IDC Research Shows Interest in Cloud Is Growing in the UAE as Organizations Search for Operational Efficiency and Cost Savings
08 Jan 2013
Dubai, January 8, 2013 – While the UAE is in the very early stages of cloud adoption, the amount of interest and activity is growing, which bodes well for the growth of cloud in the country. According to market research and advisory company IDC, the growing level of interest in cloud is primarily due to the benefits it offers in terms of operational efficiency and cost savings.

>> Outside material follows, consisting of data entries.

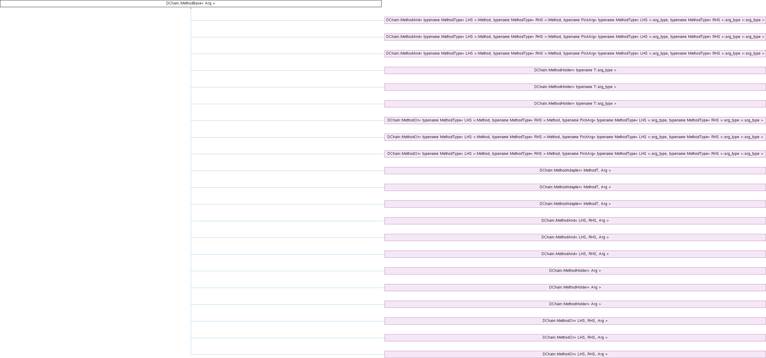 Implemented in DChain::MethodAdapter< MethodT, Arg >, DChain::MethodAdapter< MethodT, Arg >, DChain::MethodAdapter< MethodT, Arg >, DChain::MethodAnd< LHS, RHS, Arg >, DChain::MethodAnd< LHS, RHS, Arg >, DChain::MethodAnd< LHS, RHS, Arg >, DChain::MethodHolder< Arg >, DChain::MethodHolder< Arg >, DChain::MethodHolder< Arg >, DChain::MethodOr< LHS, RHS, Arg >, DChain::MethodOr< LHS, RHS, Arg >, and DChain::MethodOr< LHS, RHS, Arg >.
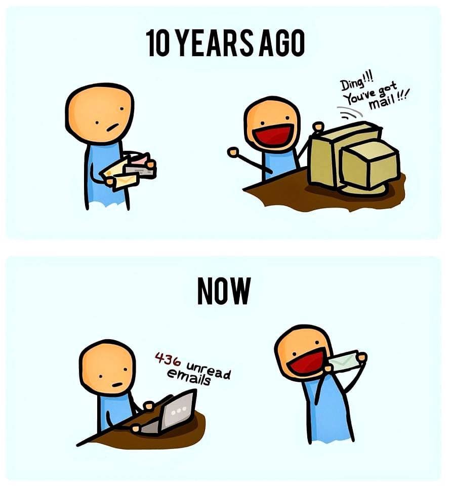 - Il y a 10 ans : ding, vous avez 1 e-mail. Youpiii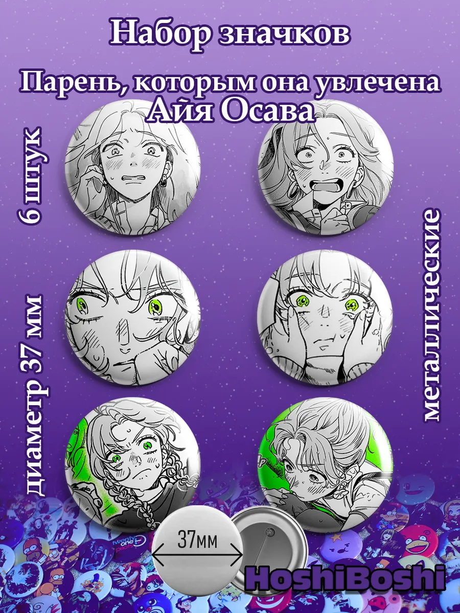Набор из 6 металлических значков с изображениями из манхвы Парень которым она увлечена на самом деле не парень ( The Guy She Was Interested in Wasn't a Guy at All ).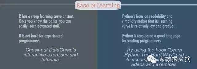 关于易学习性,开始学习R时有一个陡峭的学习曲线,一旦了解了最基本知识,就能很容易地学习更高级的知识。因此,对于有经验的程序员,R并不难。建议R的学习者查看DataCamp上的练习和教程。
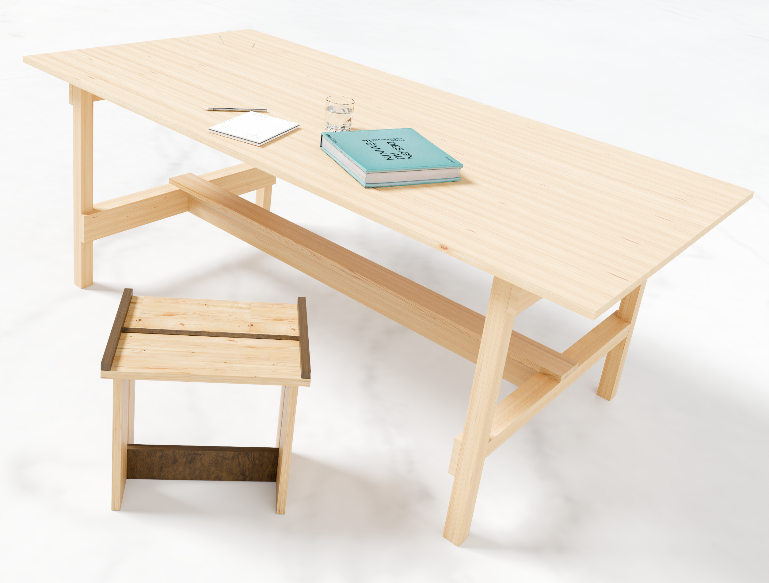 Versão diminuta do Banco Piccini, um modelo que ficará feliz com opções de personalização, misturas de tipos de madeira, vernizes, cores, texturas.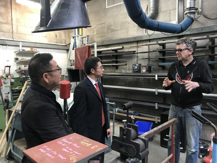 | 图为 访问团与伯恩茅斯大学模具作坊学生交谈 |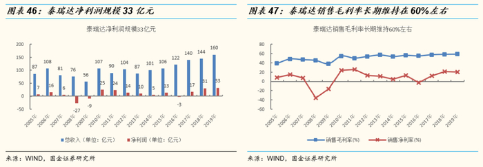 财务指标:泰瑞达净利润规模超过30亿元,毛利率长期维持60%左右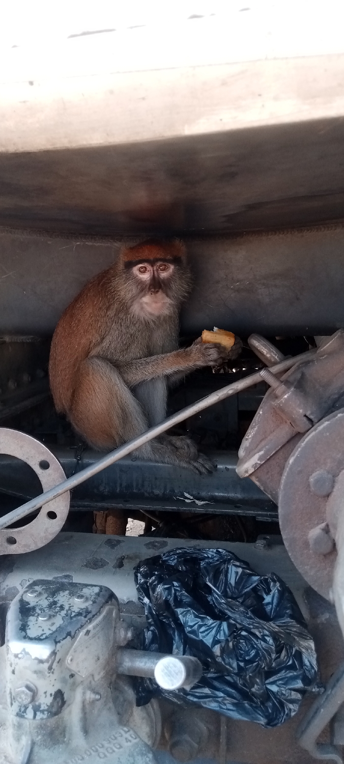 - "A Patas monkey (Erythrocebus patas) is observed sitting within an enclosed, dark space, likely an engine compartment or utility access panel, in Gwagwalada, Nigeria" by FM-MVDLR2, licensed under CC BY 4.0

While very few local providers offer cloud services, and those that do are firmly in the early stages of portfolio development, IDC has noted a gradual softening of end-user attitudes toward cloud in recent times. "Since the recession began in 2008, IT departments have been under increasing pressure to justify their operational and capital expenditure," says Sony John, research manager for IT services at IDC Middle East, Africa, and Turkey. "As a result, they have started looking for more efficient means of delivering IT to their business users, which, in turn, has led to increased awareness of the opportunities offered by cloud computing."
The global attention that public cloud has generated, largely as a result of the cloud services offered by high-profile companies such as Google, Amazon, Rackspace, and Salesforce.com, has led many organizations in the UAE to start exploring the viability of using such services. While widespread adoption has been somewhat constrained by security fears and infrastructure limitations, many organizations now want to take advantage of the major benefits of cloud – such as the quick deployment of IT resources, shared resource usage, and the ability to monitor usage – but within the security of their own organizations, leading them naturally to the concept of private cloud.
"This growing interest in cloud, especially private cloud, has contributed to the large-scale adoption of virtualization we've seen across the UAE," says John. "However, only a handful of organizations have gone the full distance in terms of converting these highly virtualized environments to full-fledged private cloud deployments. This is due to a variety of factors, including general misconceptions around the two concepts, and a lack of clarity on the benefits of going for a fully automated, fully metered private cloud. Another key inhibitor is the lack of empowerment provided to business users in the country, which stems from the rigid and hierarchical processes embedded in the fabric of most organizations in GCC countries.
The general preference for in-country datacenters and the desire to capitalize on investments have meant that much of the cloud expenditure in the UAE is currently on private cloud rather than public cloud. IDC expects this trend to continue in the near future. However, in the longer term, we expect public cloud to catch up in terms of adoption and expenditure, as more and more leading vendors and global cloud providers begin to push their public cloud offerings aggressively in the local market.
Cloud is also having a significant impact on the partner landscape, with new partners emerging, existing partners upskilling, and many local providers resisting the concept altogether. It is also creating new competitors in the IT services space, as telecom operators, niche ISVs, and wholesale datacenter providers all seek a foothold in the space. Cloud is also set to impact overall spending on IT services, cannibalizing some services while driving demand for others.
IDC expects total spending on cloud delivery in the UAE to record an increase of 33.6% year on year for 2012. In the long term, IDC projects spending to expand at a compound annual growth rate (CAGR) of 43.7% over the five-year forecast period ending in 2016.
The IDC study United Arab Emirates Cloud Services Market 2011 Analysis and 2012–2016 Forecast (IDC #ZS11U) presents a comprehensive view of the cloud delivery model in the UAE. It contains market sizing for both the public cloud and private cloud delivery models and offers a further breakdowns of public cloud-related revenue by operational management on the one side and by professional services associated with the cloud on the other. The study contains historic quantitative data and five-year market forecasts (2012–2016), summarizes the major issues and impacts on the IT industry as a whole, and presents a range of end-user views.